In our MS analysis we detected monomethylation of H1.2K187 in vivo, but dimethylation of H1.2K187 might have escaped our MS analysis if it was below our current detection threshold. Both enzymes have been shown to dimethylate H3K9 and H1.4K26 both in vitro and in vivo[16, 24]. In line with this, our assays showed that G9a and Glp1 methylate unmodified and monomethylated K187 peptides, demonstrating dimethylation activity.

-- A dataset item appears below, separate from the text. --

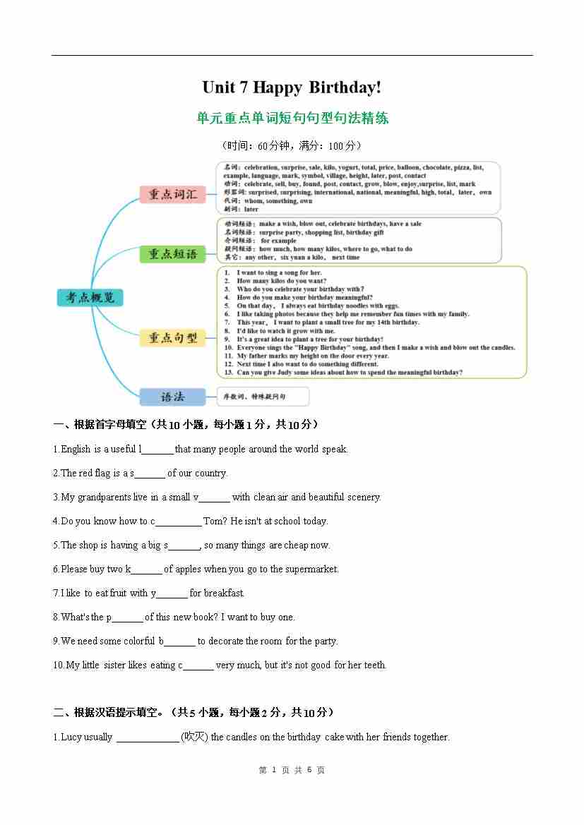 Unit 7 Happy Birthday! 单词短语句型语法(教材考点精练)(原卷版)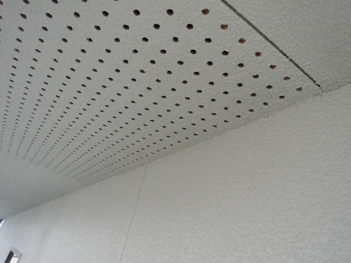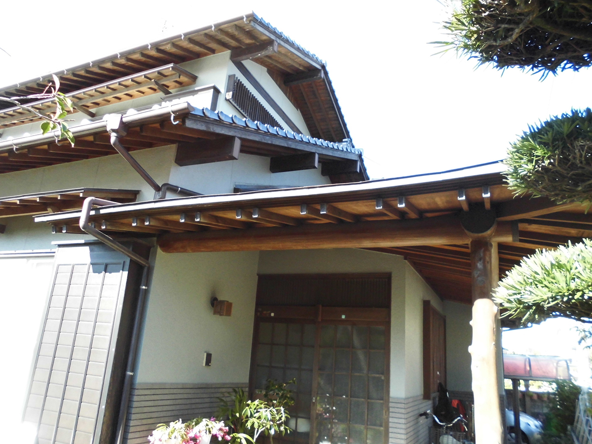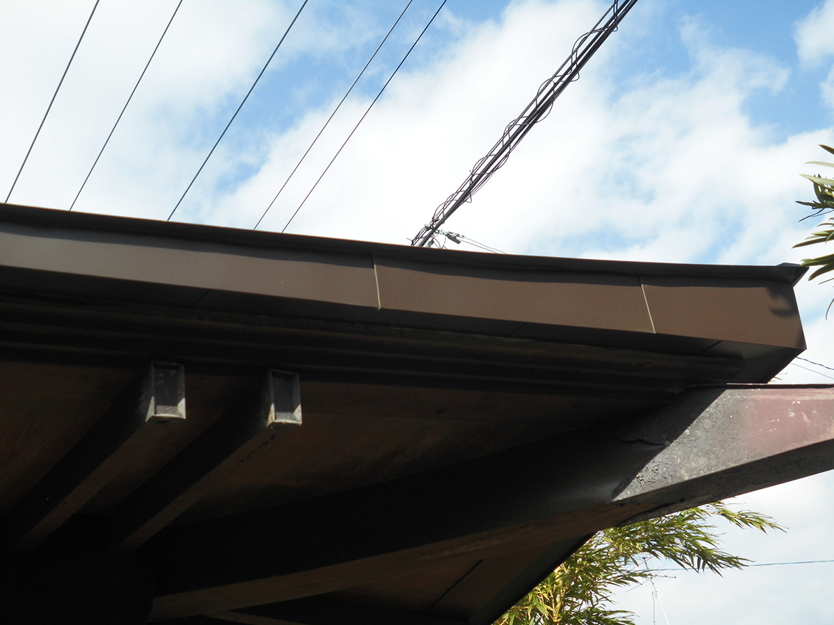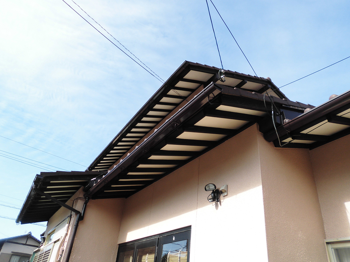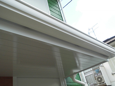 軒下のケイカル板塗装は、長期メンテナンスサイクルを考えて超耐久性、セラミックシリコン樹脂塗料を塗装しました。今回は、外壁と同色にしてゴタゴタせず、スッキリまとめました。

To date, the only characterised modification of the H1 C-terminus is phosphorylation. The C-terminal tail of H1 can be highly phosphorylated  on several serine and threonine residues. This phosphorylation is mainly catalysed by cdk type kinases [26, 27], and is highly cell cycle-dependent, reaching maximum levels in G2/M phase. Interestingly, in contrast to phosphorylation, H1.2K187 methylation levels remain steady throughout the cell cycle, suggesting that only H1 C-terminal phosphorylation, but not H1.2K187 methylation, has a global role in mitotic chromosome condensation . In a recent MS analysis [3, 4, 18, 29] a phosphorylation site, S188, was mapped next to K187 in H1.4 but not H1.2. Although it is tempting to speculate that S188 phosphorylation might block K187 methylation in H1.4, there are strong arguments against this. First, the C-terminus of recombinant, unphosphorylated H1.4 is not (or only very weakly) methylated by G9a/Glp1 and second, only the neighbouring phosphorylation is cell cycle-dependent.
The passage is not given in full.